Training reference¶

This chapter explains how the training loop in GAN-Engine is structured and which switches you can flip to adapt it to your hardware and modality.

Workflow overview¶

Config parsing – YAML files are loaded and validated.
Module creation – Generator, discriminator, losses, and normalisation pipelines are instantiated.
Trainer setup – PyTorch Lightning Trainer is configured with devices, precision, callbacks, and logging.
Training loop – Generator-only pretraining (optional), followed by adversarial updates with warm-ups and schedules.
Checkpointing & logging – Images, metrics, and model weights are saved throughout the run.
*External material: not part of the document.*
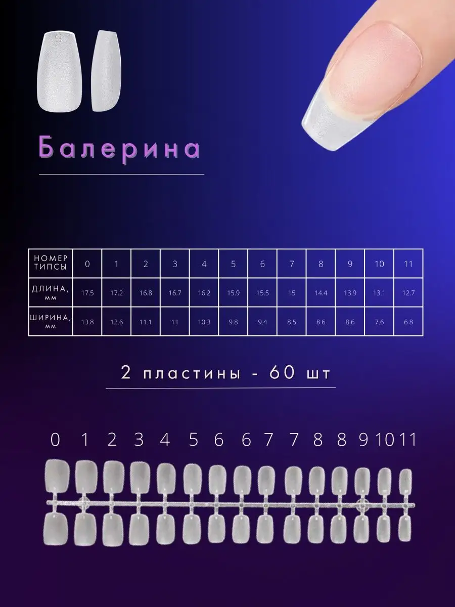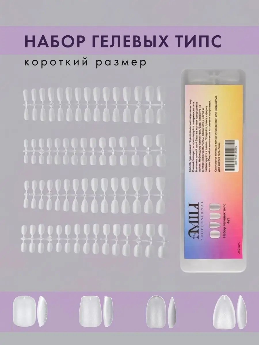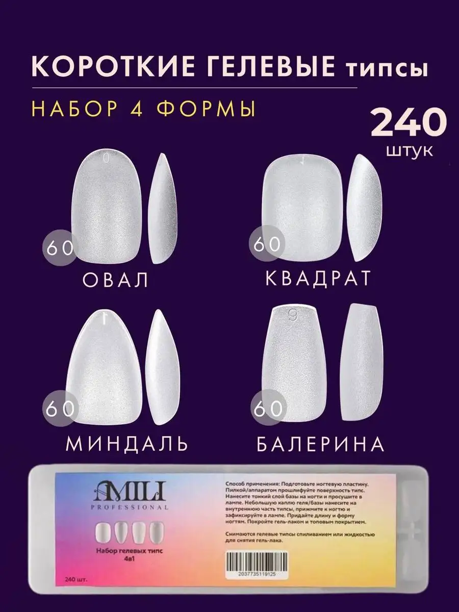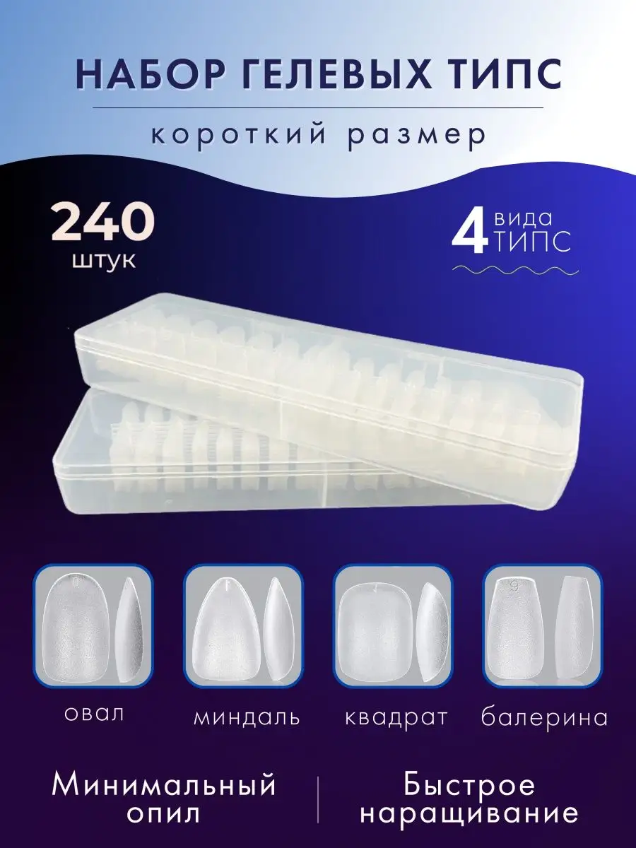 Комплектация Гелевые типсы квадрат 60 штук; Гелевые типсы овал 60 штук; Гелевые типсы миндаль 60 штук; Гелевые типсы балерина 60 штук

When the Project.task is set to inpainting, conditional_gan, or text_to_image, the workflow adds mask/prompt loaders and task-specific validation hooks automatically.

Command-line arguments¶

python -m gan_engine.train accepts only accepts the YAML path as input. All the important settings are handled from there.

Flag	Description
`config PATH`	Path to YAML configuration file.
`resume`	Resume from the latest checkpoint in `Project.output_dir`.
`checkpoint PATH`	Start training from a specific checkpoint.
`devices N`	Number of GPUs or `cpu`.
`accelerator`	Lightning accelerator (`gpu`, `cpu`, `mps`).
`strategy`	Parallelisation strategy (`ddp`, `fsdp`, `deepspeed`, etc.).

Optimisers & schedulers¶

Default optimisers – Adam for both networks with config-defined learning rates/betas.
Warm-ups – Configure linear or cosine warm-up per optimiser (Schedulers.*.warmup_steps).
Plateau schedulers – Reduce LR on validation plateau with patience and factor controls.
Cosine annealing / OneCycle – Enable via Schedulers.generator.name or Schedulers.discriminator.name.
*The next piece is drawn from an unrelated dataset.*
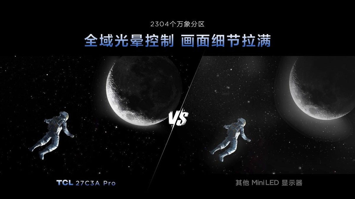 作为3A游戏的专属“细节悍将”,TCL C3A Pro的核心竞争力,正是TCL专业显示技术的直观体现,从根源上解决了3A玩家的核心痛点。针对3A大作暗场密集、细节易丢失的问题,这款显示器搭载了TCL独家的万象分区QD-Mini LED技术,拥有2304个万象分区,实现“一区顶多区”的超精细化控光,全域光晕控制效果碾压同级产品。

Gradient clipping & penalties¶

Training.gradient_clip_val – Clip global norm of gradients.

Logging¶

The module logs via the configured logger:

Scalars – Individual loss terms, learning rates, gradient norms.
Images – LR/HR/SR triplets, masked reconstructions, or unconditional samples depending on the task.
Histograms – Output distributions and discriminator logits.
System info – GPU utilisation, memory footprint.
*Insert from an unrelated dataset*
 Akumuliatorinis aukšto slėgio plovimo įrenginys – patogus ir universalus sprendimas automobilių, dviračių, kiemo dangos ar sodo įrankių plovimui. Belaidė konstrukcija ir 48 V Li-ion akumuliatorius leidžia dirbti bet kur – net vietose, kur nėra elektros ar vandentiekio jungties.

Adjust logging cadence through Logging.log_every_n_steps and Logging.log_images_every_n_steps.

Checkpoints¶

Top-K checkpoints – Controlled by Callbacks.checkpoint (metric, mode, count).
EMA checkpoints – Saved alongside raw weights when EMA is enabled.
Periodic snapshots – Add Callbacks.periodic with every_n_steps for archival.

Validation & testing¶

Validation runs automatically according to Trainer.check_val_every_n_epoch.
You can trigger additional evaluation loops by enabling Callbacks.extra_validation with custom hooks.
For final testing, reuse the inference CLI or add a custom evaluation callback to compute metrics on the test split (a dedicated validation command is on the roadmap).

Multi-node training¶

Configure strategy: ddp (or fsdp for large models) and set num_nodes/devices accordingly.
Ensure shared storage for checkpoints and dataset access.

The training stack is designed to be transparent: every stabilisation trick is optional and controlled through configuration so you can tailor runs to healthcare, geospatial, microscopy, or consumer imaging workloads.